When Margie Bauman placed an ad in Editor and Publisher that read “J-grad, female, will go anywhere,” her degree in Journalism from Michigan State University landed her 15 job offers.
That was in 1964, when she decided the best of those offers was to become the society, entertainment and religion editor at The Anchorage Times in Alaska.
She spent a year at The Anchorage Times before realizing she needed more experience working with seasoned journalists from broader backgrounds. She returned to her home state of New Jersey, landing jobs with organizations like The Associated Press and CBS News. But Bauman missed Alaska and returned in 1971. She worked for the Anchorage Daily News (now Alaska Dispatch News), the Alaska Native Press (The Tundra Times), various weeklies and also produced freelance work.
Now, Bauman is the Alaska bureau chief for Fisherman’s News in Seattle and the fisheries reporter for The Cordova Times in Cordova, Alaska, on Prince William Sound.
She works from her home office, covering most stories by phone and hundreds of miles from the publications for which she works. She has never actually been to Cordova. On occasion, she will fly out to report on really interesting stories, like the annual fisheries conference at Kodiak Island, but she mostly works in south-central Alaska.
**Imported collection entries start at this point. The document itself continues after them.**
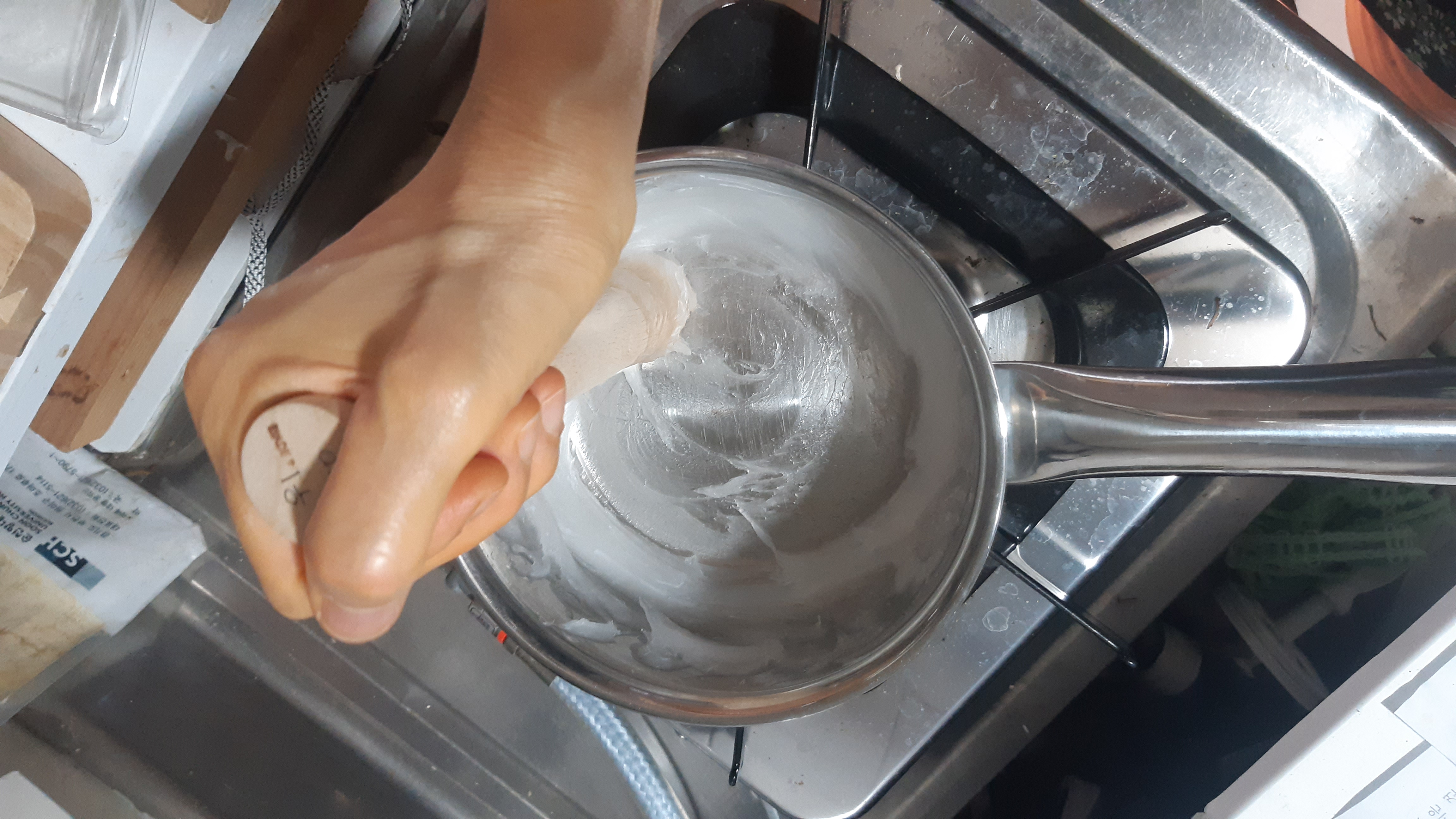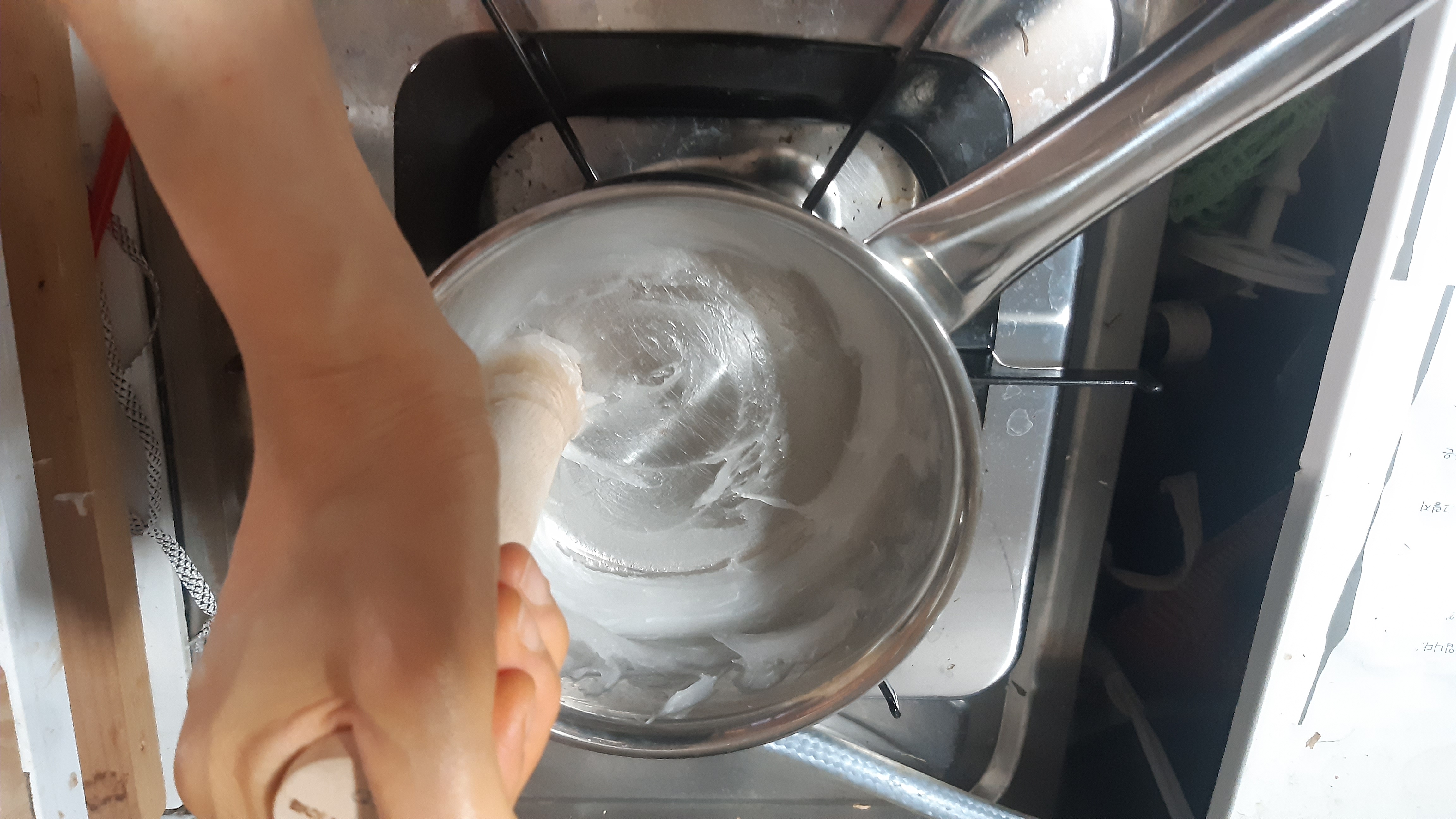 3중바닥 스텐냄비에 풀을 쑤어보았습니다.
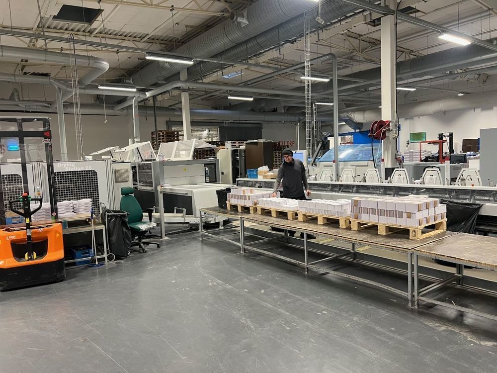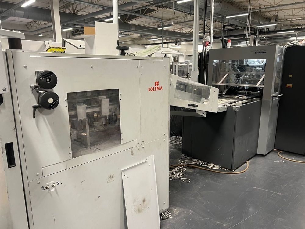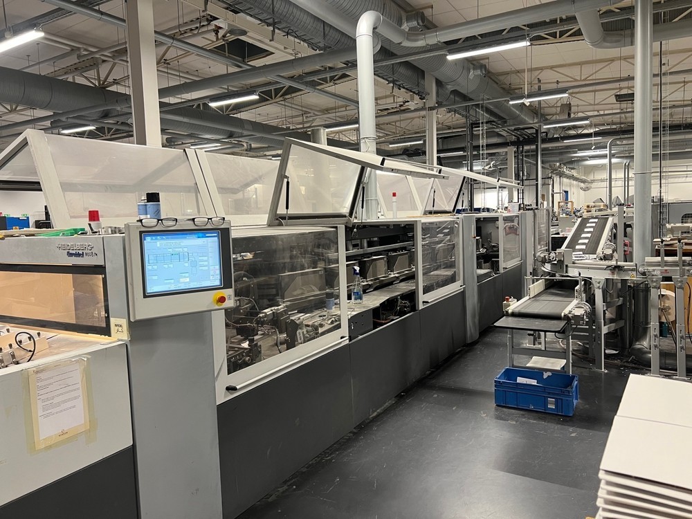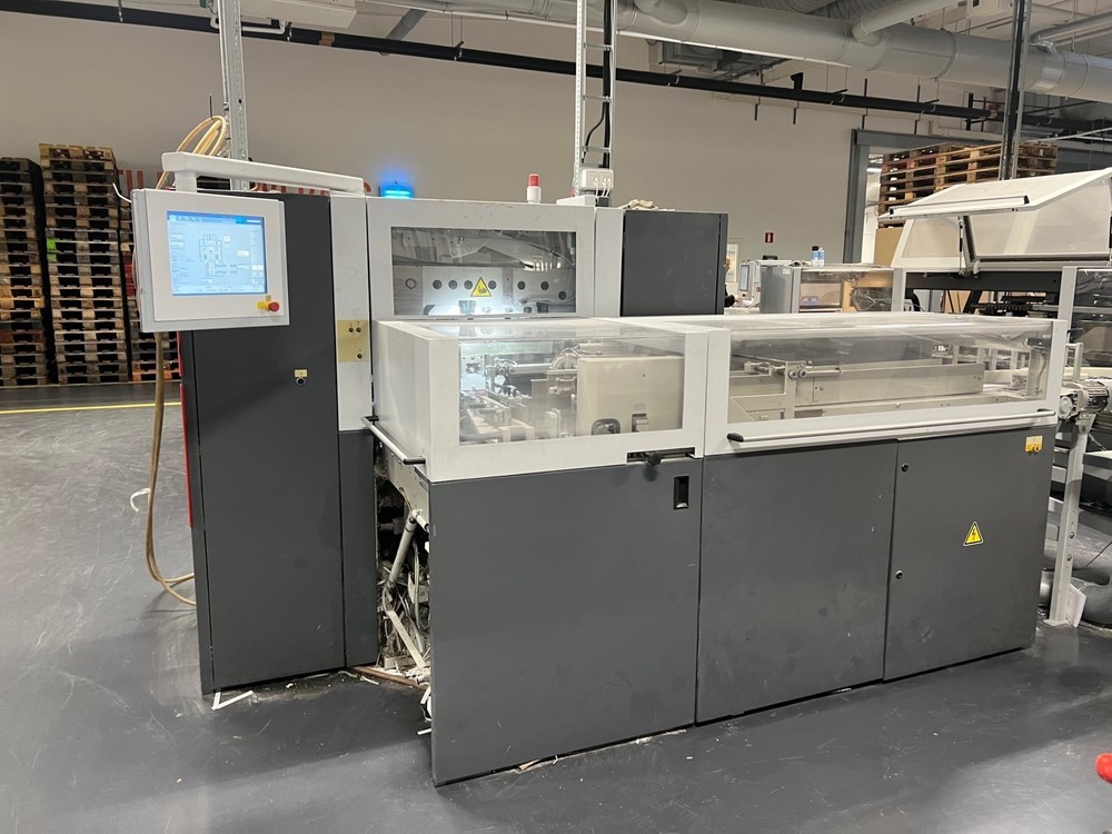 | Description: | Gathering Machine HFM EG 804.L/<>- 8000 cycles/h<>- OSC-system (OPTICONTROL-system) for all 12 stations<>- ATC (automatic section thickness control)<>- Hand feeding unit at beginning <>- Pile lifter with air blast<>- Stand-up-unit<>- Transfer channel with jogging-station as connecting-unit to the binder<>-spine preparation<>- 2 premelters<>- PUR premelter<>- cover pressing station<>- 2nd S cover pressing station<>- lay down device<>- Documentation<>Continuation of Equipment:<>Conveying- and Cooling/Drying System - ca. 20 Metres<>- drying tower Solema<>- With redirection systems<>- Extra delivery (exit) before 3-knife trimmer<>- Control-cabinet<>High Performance 3-Knife Trimmer EUROTRIM PRO <>- Infeed from the right<>- Counter stacker (pre stacker) integrated<>- Spraying device<>- Prepared for a trim-waste extraction system<>- Plenty exchangeable cutting-tables<>- Belt-delivery<>- Knife changing device<>- Several extra Sets of knifes,<>- Electric cabinet<>- Extra knife-adjusting system<>- Accessories, parts<>- Documentation<>Compensating Stacker SOLEMA<>- Delivery<>- Documentation<>Hotmelt spine + side gluing<>Milling and roughening station<>PUR spine gluing |
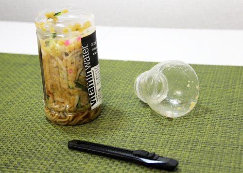 夏天到了來碗清涼的涼麵絕對是不錯的選擇,可是有時你是不是會覺得涼麵在攜帶上有點不太方便,現在日本就推出寶特瓶裝的涼麵包裝,讓你在攜帶上更加方便。 裝在寶特瓶裡面的涼麵,看起來是不是很像飲料啊! 看起來真的很特別啊! 攜帶起來比較不空間。 上面是醬料包裝。 要吃的時候只要將上面醬料袋戳破,醬汁就會自動流到下面,接著再均勻搖晃就可以。 可以切開上蓋來吃。 或是直接用灌的XD 造型真的是很特別啊! 操作方法: 資料來源 讚 收藏 快速回應 引言回應

Speaking to MSU J-School Students
Bauman recently returned to MSU during homecoming week to meet with Knight Center for Environmental Journalism students interested in journalism careers similar to her own.
She advised students to figure out how best to sell themselves and to do anything they can to start getting published.
“Look around at what you’re really interested in writing,” she said.
Cultivating a lot of sources also is important.
“People think I know a lot about fisheries. No — I just know the people who do,” said Bauman, adding that she has 60 pages of contacts she can refer to on her computer.
When asked if she fishes often, her response was immediate: “No — I eat fish.”
Bauman said her favorite part of her job is having the authority to speak with a variety of people about all kinds of scientific discoveries and disasters and then informing others what they should know about them.
It’s a role for which she was well-prepared.
“I thought the J-School was terrific when I was a student there,” Bauman said. “But now it is light years ahead of what it was then.”